PHP: How do I avoid reading partial files that are

2019-02-08 13:06发布

问题:

Files are being pushed to my server via FTP. I process them with PHP code in a Drupal module. O/S is Ubuntu and the FTP server is vsftp.

At regular intervals I will check for new files, process them with SimpleXML and move them to a "Done" folder. How do I avoid processing a partially uploaded file?

vsftp has lock_upload_files defaulted to yes. I thought of attempting to move the files first, expecting the move to fail on a currently uploading file. That doesn't seem to happen, at least on the command line. If I start uploading a large file and move, it just keeps growing in the new location. I guess the directory entry is not locked.

Should I try fopen with mode 'a' or 'r+' just to see if it succeeds before attempting to load into SimpleXML or is there a better way to do this? I guess I could just detect SimpleXML load failing but... that seems messy.

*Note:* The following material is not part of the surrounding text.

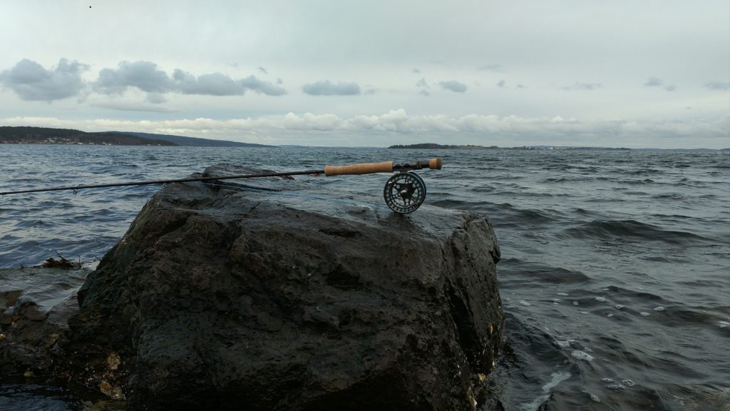 Det viste seg at termometeret var riktig. Etter kort tid dukket Eirik og Kent opp og vi kjørte nedover. Det var mye folk ute og fiska på godplassene, så det tok litt tid før vi kom til et egnet sted man kunne fiske uten å trekke kølapp. Etter et «nei her er det grunt» til et håpefullt spørmål om det var noe særlig å bruke synkeline så jeg kunne få testa den nye Airflo synkelina mi på #6 stanga, og jeg hadde tidligere meg på at Cortland Clear Camo lina oppførte seg som en telefonledning i kaldt, vær dro jeg frem Streamstix Competitionstixstanga i #7 med Guideline Coastal lina.
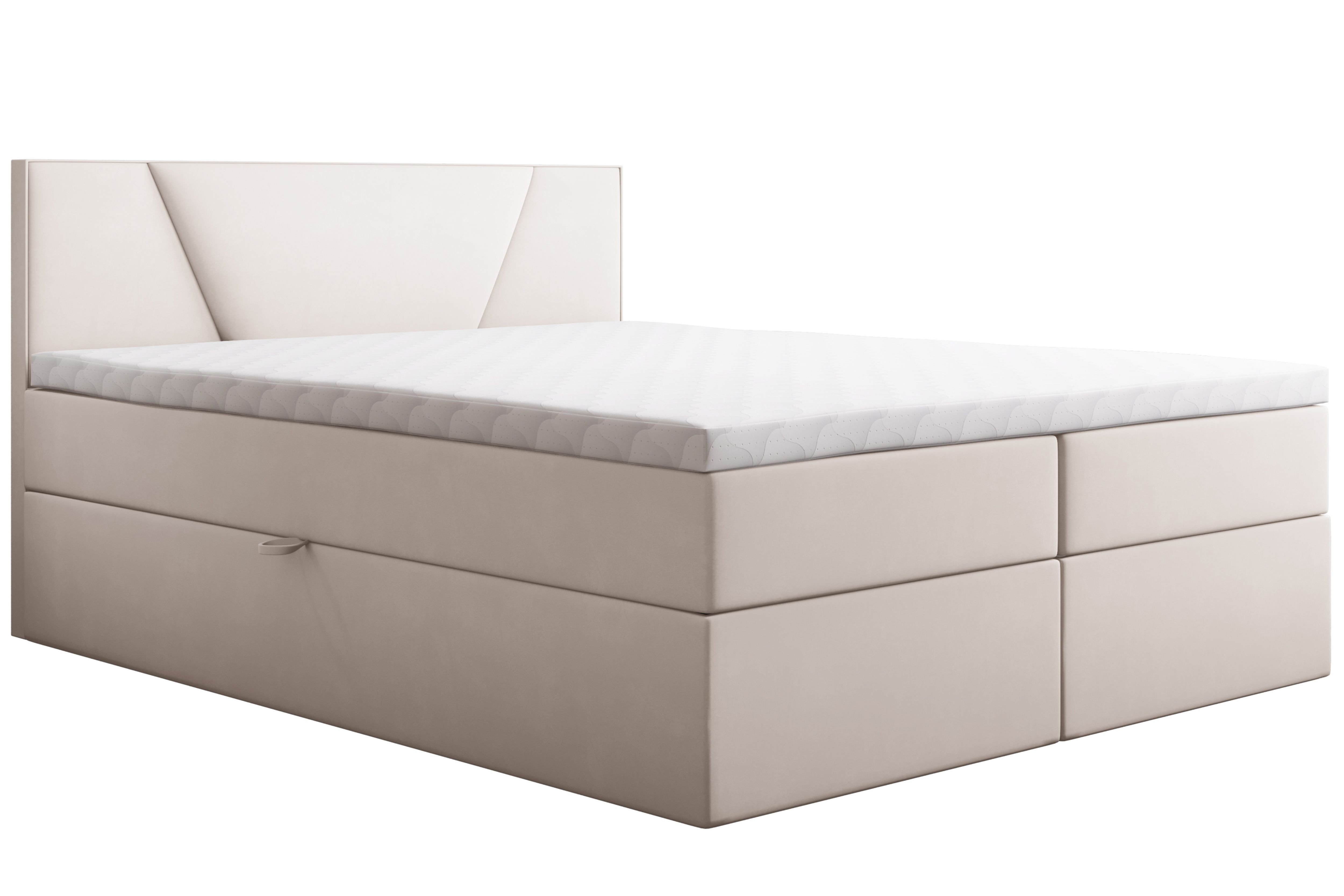 Zwei großzügige Seitlich aufklappbare Bettkästen bieten reichlich Stauraum für Bettwäsche, Kissen oder persönliche Gegenstände – ideal, um Ordnung im Schlafzimmer zu halten. Der integrierte Stauraum ist nicht nur praktisch, sondern auch diskret und platzsparend.

I don't have control of the sender. They won't do an upload and rename.

Thanks

回答1:

If locking doesn't work, I don't know of a solution as clean/simple as you'd like. You could make an educated guess by not processing files whose last modified time (which you can get with filemtime()) is within the past x minutes.

If you want a higher degree of confidence than that, you could check and store each file's size (using filesize()) in a simple database, and every x minutes check new size against its old size. If the size hasn't changed in x minutes, you can assume nothing more is being sent.



回答2:

Using the lock_upload_files configuration option of vsftpd leads to locking files with the fcntl() function. This places advisory lock(s) on uploaded file(s) which are in progress. Other programs don't need to consider advisory locks, and mv for example does not. Advisory locks are in general just an advice for programs that care about such locks. You need another command line tool like lockrun which respects advisory locks.

Note: lockrun must be compiled with the WAIT_AND_LOCK(fd) macro to use the lockf() and not the flock() function in order to work with locks that are set by fcntl() under Linux. So when lockrun is compiled with using lockf() then it will cooperate with the locks set by vsftpd.

With such features (lockrun, mv, lock_upload_files) you can build a shell script or similar that moves files one by one, checking if the file is locked beforehand and holding an advisory lock on it as long as the file is moved. If the file is locked by vsftpd then lockrun can skip the call to mv so that running uploads are skipped.



回答3:

The lsof linux command lists opened files on your system. I suggest executing it with shell_exec() from PHP and parsing the output to see what files are still being used by your FTP server.



回答4:

Picking up on the previous answer, you could copy the file over and then compare the sizes of the copied file and the original file at a fixed interval.

If the sizes match, the upload is done, delete the copy, work with the file.

If the sizes do not match, copy the file again.

repeat.



回答5:

Here's another idea: create a super (but hopefully not root) FTP user that can access some or all of the upload directories. Instead of your PHP code reading uploaded files right off the disk, make it connect to the local FTP server and download files. This way vsftpd handles the locking for you (assuming you leave lock_upload_files enabled). You'll only be able to download a file once vsftp releases the exclusive/write lock (once writing is complete).

You mentioned trying flock in your comment (and how it fails). It does indeed seem painful to try to match whatever locking vsftpd is doing, but dio_fcntl might be worth a shot.



回答6:

I guess you've solved your problem years ago but still.

If you use some pattern to find the files you need you can ask the party uploading the file to use different name and rename the file once the upload has completed.



标签: php ftp locking